In quei giorni di quattro anni fa diventarono celebri le immagini di piazza Duomo a Milano, dell’Ara Pacis a Roma, del Lungarno a Firenze: luoghi normalmente brulicanti di vita ridotti a deserti metropolitani, stritolati in una dimensione surreale che gli occhi coglievano ma l’anima faceva fatica ad accettare.
L’omologo varesino è rinvenibile ancora oggi in un bel video dell’agenzia Blitz, girato con il drone sopra il ponte di viale Europa. Schiacciamo play: le due carreggiate che scorrono sotto il viadotto sono prive di auto, di moto, di biciclette, di passanti, di tutta quella normalità che ogni giorno popola uno degli snodi viabilistici fondamentali della Città Giardino; una volante dei carabinieri presidia l’incrocio, pronta a fermare e interrogare; l’obiettivo della macchina fotografica volante a un certo punto si alza, si allarga, arriva a cogliere l’orizzonte, fatto di case, giardini, altre strade: è un paesaggio inanimato, freddo, somigliante a un presepe.
E poi c’è quella luce, che si posa sulle mimose già fiorite, un chiarore fin troppo accesso a queste latitudini per i primi di marzo… Quella luce lì è un ricordo che non se ne va, forse uno dei più intensi, anche dei più agghiaccianti se si pensa al contrasto creato dalla natura gioiosa su un mondo costretto a fermarsi come mai prima.
Era il 9 marzo 2000, il giorno in cui la serie di misure pensate per arginare la galoppante pandemia di Covid-19 venivano riassunte sotto il termine lockdown e applicate a tutto il territorio nazionale. Per Varese lo stravolgimento era già un dato di fatto da 36 ore, facendo essa parte di quel Nord Italia diventato focolaio del virus e per primo sottoposto al contenimento, ma arrivò in realtà due giorni dopo il momento in cui davvero la nostra provincia cadde a due piedi e definitivamente nell’incubo: l’11 marzo a Busto Arsizio morì infatti il dottor Roberto Stella, presidente dell’Ordine dei Medici varesini, simbolo di una lotta impari e a mani nude contro la malattia.
Lì Varese si confrontò con la paura.
Anche a distanza di quattro anni non è facile parlare o scrivere di quei tempi, di quelle giornate che poi divennero mesi, perché non bastano alcuni “brani” condivisi a tracciare una linea comune di sensazioni, reazioni, vissuto. Nemmeno per un giornalista, categoria il cui destino, in quei giorni, subì una sorte peculiare.

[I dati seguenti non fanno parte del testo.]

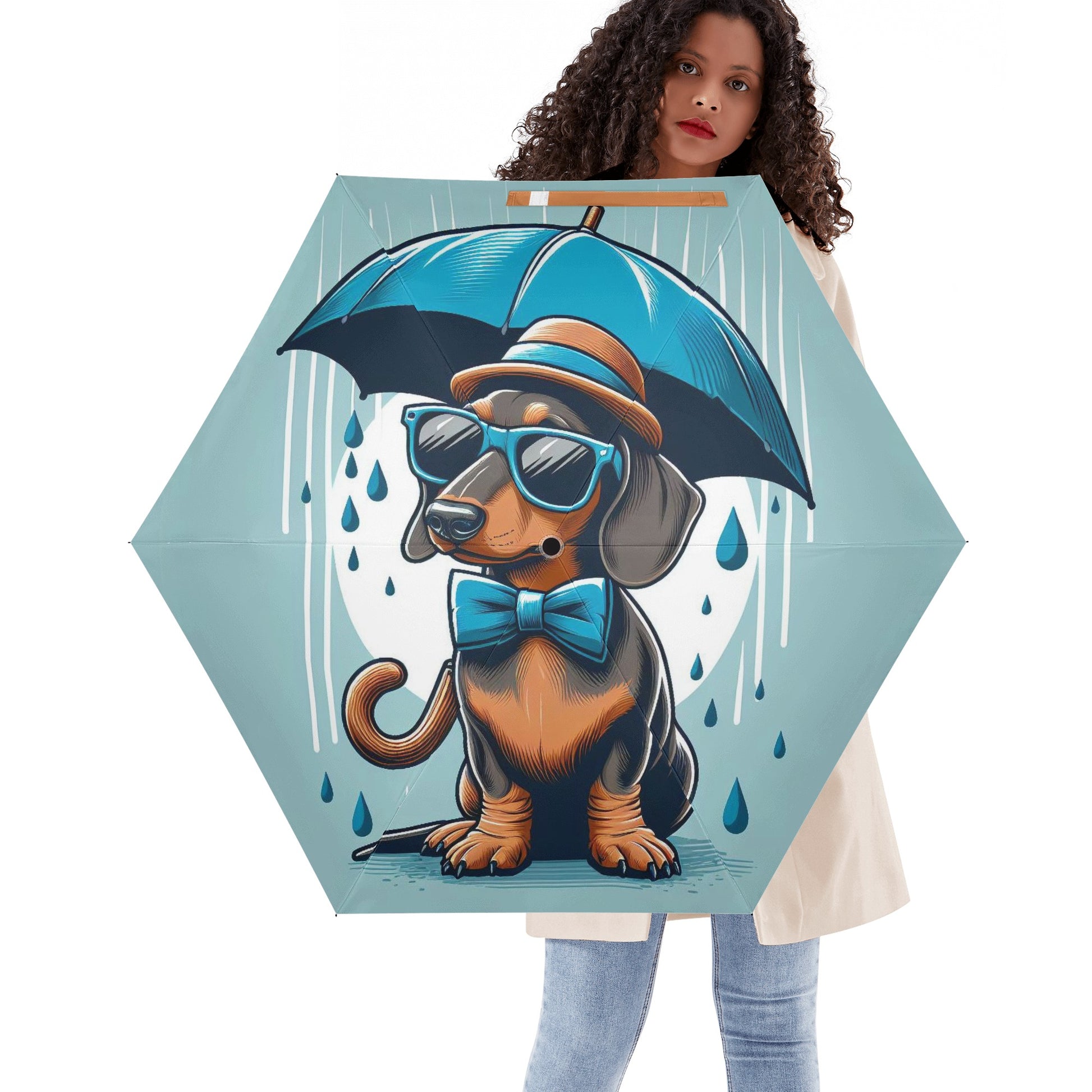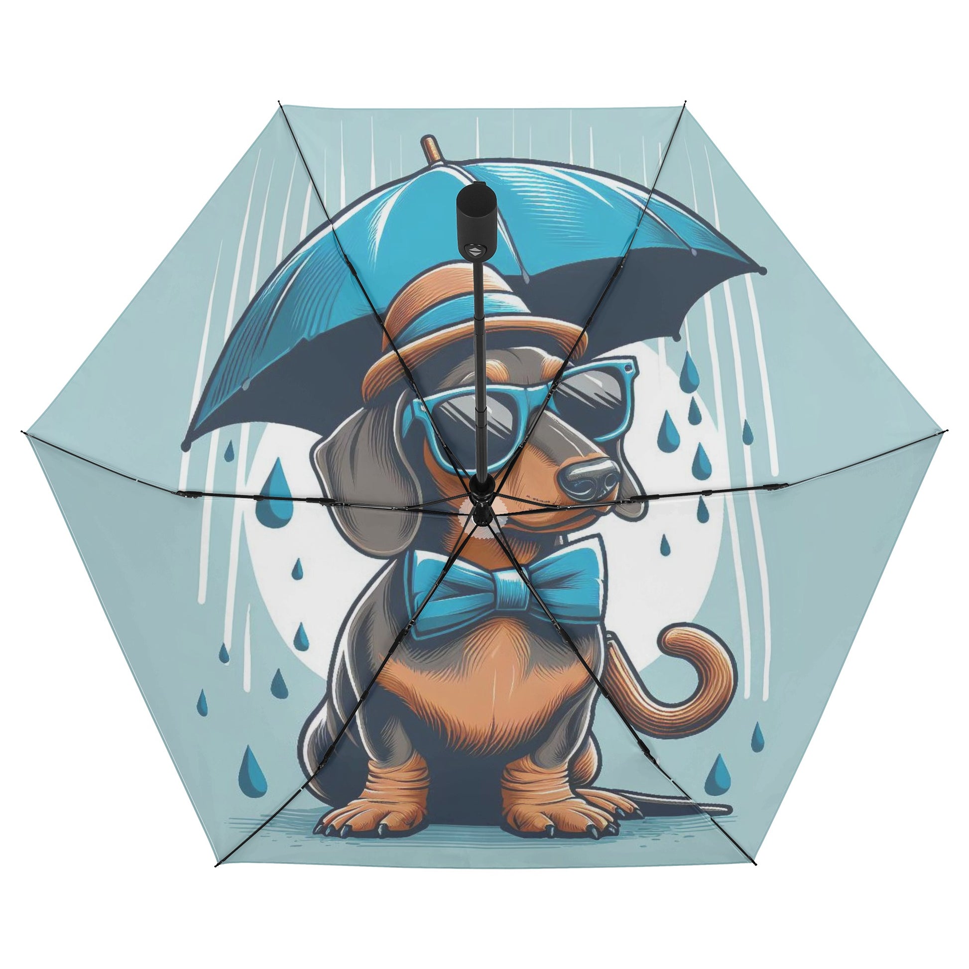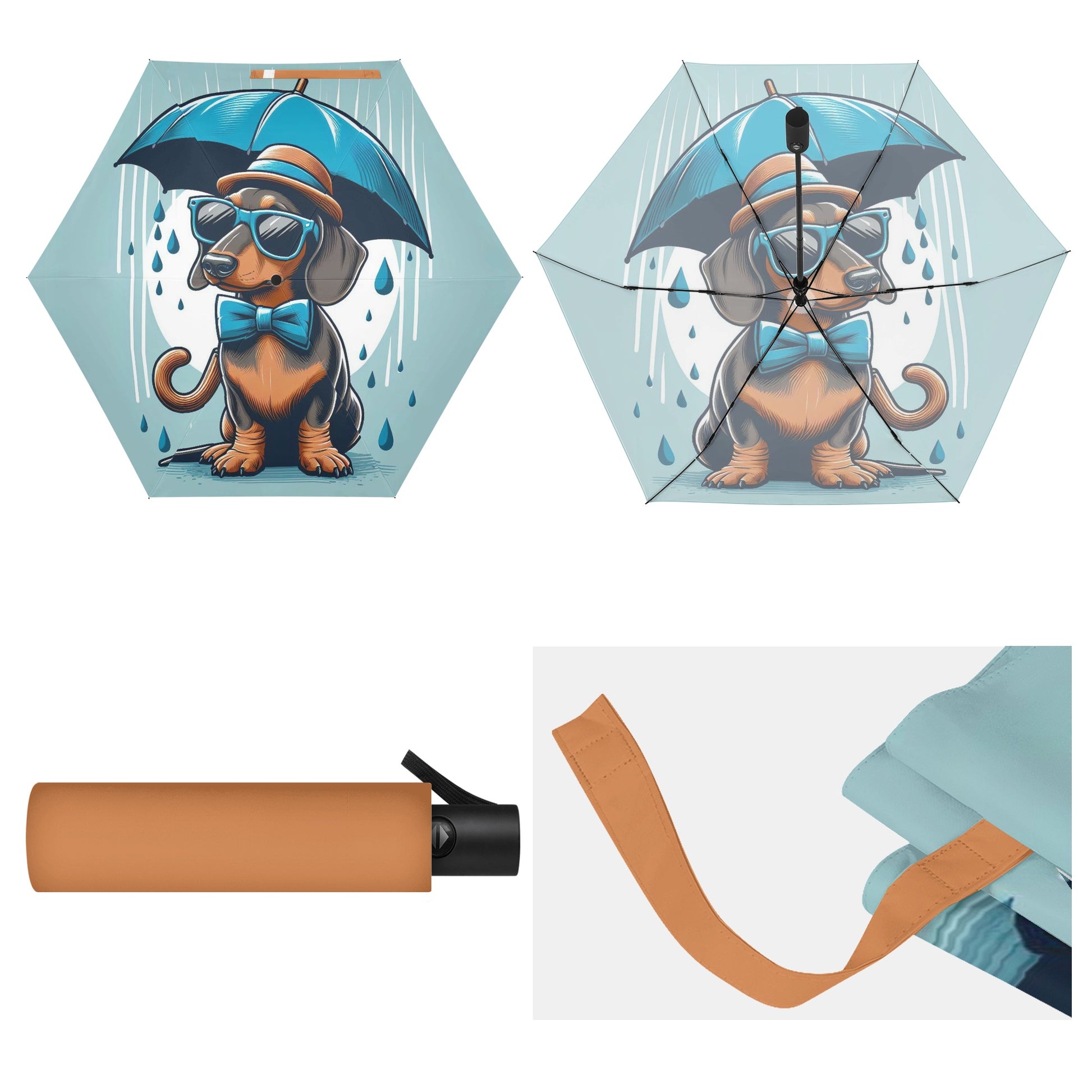 El paraguas se compone de 6 piezas, cada una con un bonito estampado de perro salchicha. También puedes personalizar el cinturón y la funda para que coincidan con tu estilo y preferencia. El paraguas tiene un mecanismo de apertura y cierre automático y un mango de agarre cómodo. Puedes abrirlo y cerrarlo con una mano y disfrutar de una experiencia cómoda y fluida.

I cronisti in un certo senso furono più fortunati di altri, perché non costretti ad abbandonare la propria professione. Ma la sfida straniante fu quella di doversi cimentare con una comunicazione completamente a distanza, soppresse le sedi, le redazioni, gli incontri e i passi consumati per strade ormai irrimediabilmente vuote. Come raccontare, cosa raccontare quando l’orizzonte fisico più raggiungibile diventa la finestra di casa affacciata su un mondo che non c’è più?
E allora si sperimentarono la radio fatta con il microfono del pc (invece che quello del mixer) e le redazioni su whatsapp, le interviste telefoniche a rimembrare la vita che c’era prima e a vaticinare quella che ci sarebbe stata dopo, le rubriche di cucina e quelle sulla letteratura. Ci si improvvisò ragionieri di numeri macabri, fossero essi contagi o vittime, e ci si piegò all’oggettività rapida dei bollettini, aggiungendo un quid di pigrizia a una professione che – ormai avvezza a cercare le notizie sui social invece che con le proprie scarpe – non ne aveva per nulla bisogno.
Ritornarvi con la mente è angoscia e sospensione. Ma anche domanda: come reagiremmo oggi alla medesima esperienza? Abbiamo imparato qualcosa? Saremmo capaci stavolta di far entrare anche dentro di noi la magnifica luce che in quei giorni di marzo 2020 vi restava irrimediabilmente fuori, a illuminare le quinte di un’esistenza che non era più nostra?